We interpret the pray1
level, which is the intercept in the current model, as the odds that a 0-year old person (illogical), would support stricter divorce laws, \(e^{-0.30321} = 0.738444\). Note that this interpretation isn’t especially meaningful. This is because pray1
is the baseline level to which all other references will be made.
We interpret the pray2
variable as the effect praying once a day (as opposed to several times a day) will have on the odds that a person will favor stricter divorce laws, \(e^{-0.34240} = 0.7100641\). This means there is a 29% drop in the odds of favoring stricter divorce laws for those that pray once a day instead of several times a day.

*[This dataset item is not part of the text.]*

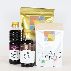 長崎県平戸産の焼きあごをはじめとする6種類の国産だし素材に、塩や醤油を加え味を調えたあごの旨み豊かなだしパック。「ご家庭でも手軽に、おいしい料理を食べてもらいたい」との願いから、昭和63年に”あご入りだしパック”を日本で初めて開発しました。これひとつでいつもの料理がぐんとおいしくなる手軽さを実現します。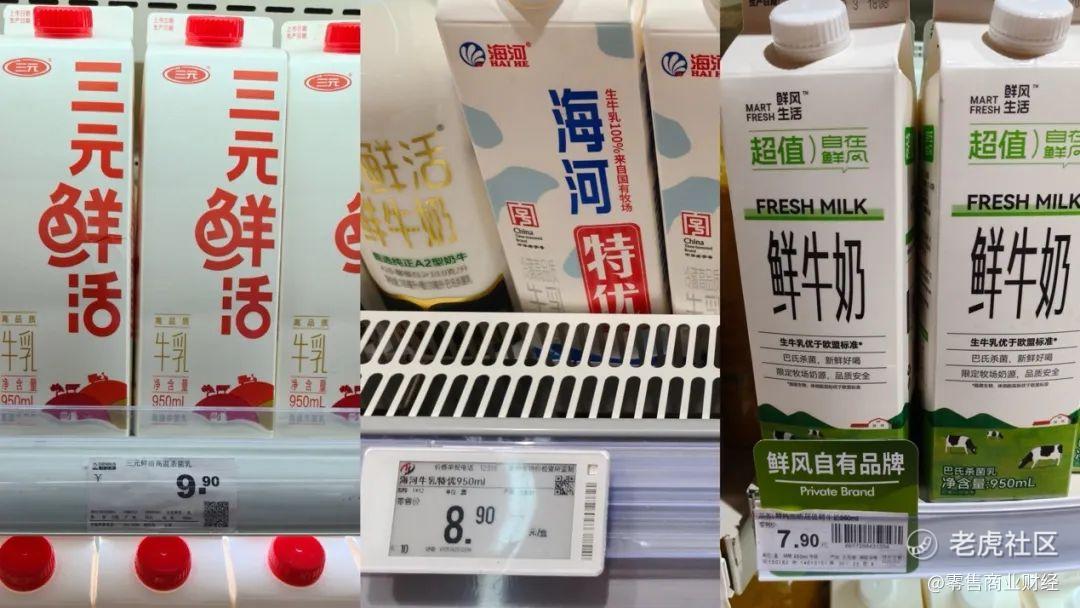 比如丹尼斯百货的牛奶货架上,单价最低的鲜牛奶为河北老牌乳制品三元鲜活,950ml售价9.9元;同比华豫佰佳的鲜牛奶选品,单价最低的为海河特优鲜牛奶,950ml售价8.9元;而鲜风生活的自营超值系列鲜牛奶,950ml售价仅有7.9元。

The interpretation of the other variables is similar. For example, the coefficient of the pray3
variable is interpreted as the change in the odds that a person will favor stricter divorce laws given they pray several times a week instead of several times a day. This change is \(e^{-0.71595} = 0.4887276\), showing just over a 50% drop in the odds.

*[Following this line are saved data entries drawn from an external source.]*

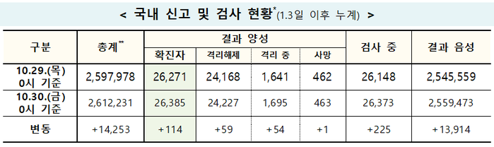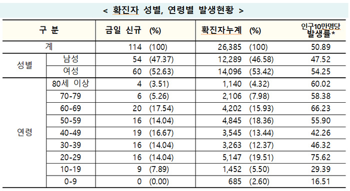 중앙방역대책본부(방대본)는 30일 0시 기준으로 전날 대비 코로나19 신규 확진자가 114명 추가돼 누적 2만6385명이라고 밝혔다.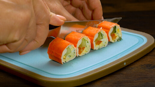 Закусочные рулетики « под суши» за 10 минут. Ярко, нарядно и очень вкусно — разлетаются с тарелки всегда на ура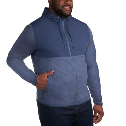 HOT ! KIRKLAND Men's Mixed Media Jacket, Woven and Knit Fabric, Drawcord Hood, Zippered Pockets, Blue, Large

The most substantial drop in the odds is for those that never pray, pray6
. Which comes out to be \(e^{-0.95067} = 0.386482\), or roughly a 62% drop in the odds.

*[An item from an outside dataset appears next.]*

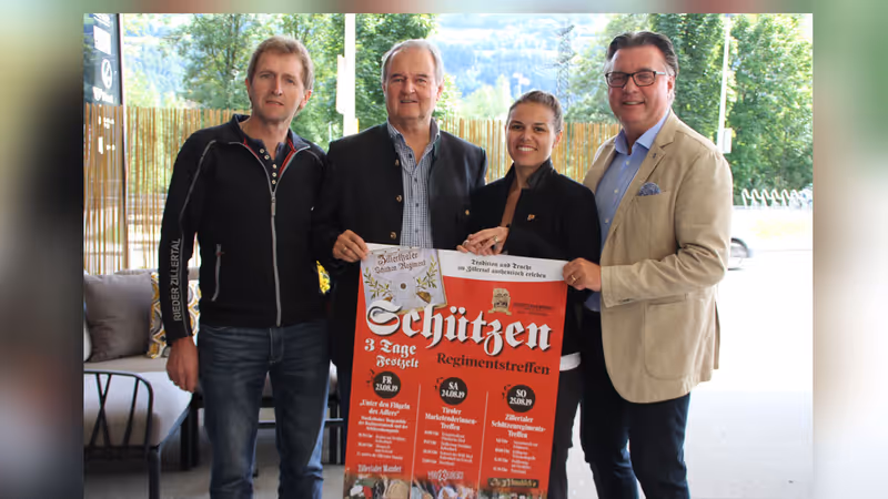 Kaltenbach, Ried –Über 170 Mitglieder zählt die Schützenkompanie RiedKaltenbach, die seit zwei Jahren am Ablauf des großen Regimentstreffens vom 23. bis 25. August tüftelt. „Es soll ein besonderes Erlebnis werden“, sagte gestern Regimentskommandant Major Herbert Empl bei einer Pressekonferenz. Drei Bataillone mit 15 Kompanien umfasst derzeit das Zillertaler Schützenregiment mit rund 1400 Mann. Gegründet wurde es im Jahre 1908. „Das war im Schützenwesen etwas Besonderes“, betont Empl. „Das Regimentstreffen, das alle drei Jahre veranstaltet wird, ist für uns eine echte Herausforderung“, unterstreicht Obmann Georg Hanser.

The final conclusion is that there is sufficient evidence to conclude that those that pray several times a day have higher odds of supporting stricter divorce laws than those that never pray. (The answer is not as clear for the various levels of frequency of prayer, but is very clear for these two categories.)
Here are a few interesting situations to consider.
probs <- predict(GSSc.glm, data.frame(age=c(20,50,80), pray=as.factor(c(6,1,1))), type="response")
Age | Frequency of Prayer | Probability of Favoring Strictor Divorce Laws |
---|---|---|
20 | Never | 0.2867533 |
50 | Several Times a Day | 0.6349388 |
80 | Several Times a Day | 0.7441144 |
This shows that roughly 3 out of 4 of those 80 years old that pray frequently (several times a day) will favor stricter divorce laws while those who are in their twenties and never pray sit closer to 1 in 4 who favor the stricter divorce laws.